Appunti dal campo, attraverso un numero, una statistica insieme alle parole di chi è protagonista, per provare ad arrivare ad un pensiero tecnico.

35’52” in campo e doppia doppia (11 punti e 10 rimbalzi), a Empoli vittoria in trasferta significativa per la sua Torino, questo il cartellino della partita di Valeria Trucco.

Saltellare per il campo. Glielo avevo visto fare alla fine della partita vinta contro Vigarano nell’opening day. Correre, e saltellare, le braccia che si alzano e si chiudono gioiose sopra la testa. Descrizione complessa, ma gesto che conosciamo tutti per essere stati bambine e bambini felici, almeno una volta. E quando dico a Valeria di essere stato colpito da quel gesto spensierato, subito aggiunge “L’ho fatto anche ieri. Siamo una squadra che sa cosa possiamo fare e - soprattutto - cosa non possiamo fare. Quali sono le partite per noi. Per noi da vincere e, dopo esserci riuscite, quel saltellare era comunicare la soddisfazione oltre la gioia.” E saper celebrare una vittoria, piccola o grande che sia, è una conquista individuale. Verso la squadra.

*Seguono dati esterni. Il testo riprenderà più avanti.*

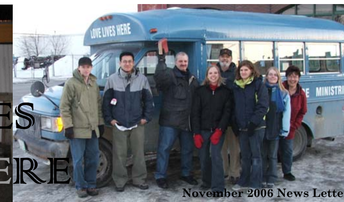
November 2006 News Letter

Suonare il piano. “Quando sono triste, vado al piano. Comincio a suonare. Mi sento bene. “Divenire” di Ludovico Einaudi, il pezzo che sento più mio.” E poi continua: “Mi piace suonare anche quando qualcuno me lo chiede, per sentirsi insieme”. Continua a raccontarsi. Malinconia ed essere buffona sorridente (“un mio ruolo quando usciamo dal campo”, la sua leadership dentro una squadra, questa volta aggiungo io). Come un po’ siamo tutti.

Sabrina Cinili. “È il mio riferimento. Vorrei essere come lei. Alta e veloce. Con tiro. Capace di palleggiare. Aggressiva in difesa. Attiva in ogni situazione di gioco”. Un esempio bello. Un esempio non banale. Un esempio scelto, per sentirsi se stessa. Per arrivare un giorno - lo dice ridendo - a non sentire le persone che sempre la salutano partendo con la stessa frase “Ah, sei la figlia di Sandra Palombarini”. “Sono fiera di mia madre. Di quello che ha fatto sul campo e di quello che fa nel basket ogni giorno, ma se un giorno le dicessero sei la mamma di Valeria Trucco non sarebbe male...”

Tiro. “Il tiro è la mia qualità. Lo so. Come sapevo che in tanti pensavano che con quel tiro come poteva essere che a volte ero completamente anonima in campo. Giocavo senza lasciare traccia”. Poi un giorno, sul finire dello scorso campionato in una partita a Battipaglia. “Ho fatto una canestro da fuori, poi uno dentro l’area. È scattato qualche cosa. Ho capito che potevo non essere solo una sponda in campo. Con la fiducia di Massimo (Riga, il suo allenatore) adesso mi sento diversa. Prima pensavo che giocare non tanti minuti e prendersi un tiro potesse essere etichettato come comportamento da egoista”.

Avere e prendersi responsabilità non è mai egoista, è ambizioso. È volerci provare. Senza scuse. Per se stesse. Per rendere più forte la propria squadra. Sempre. Con l’aiuto di tutti. Senza pensare ad un Ma. Non c’è nessun Ma. Per poter saltellare felice, ancora e ancora.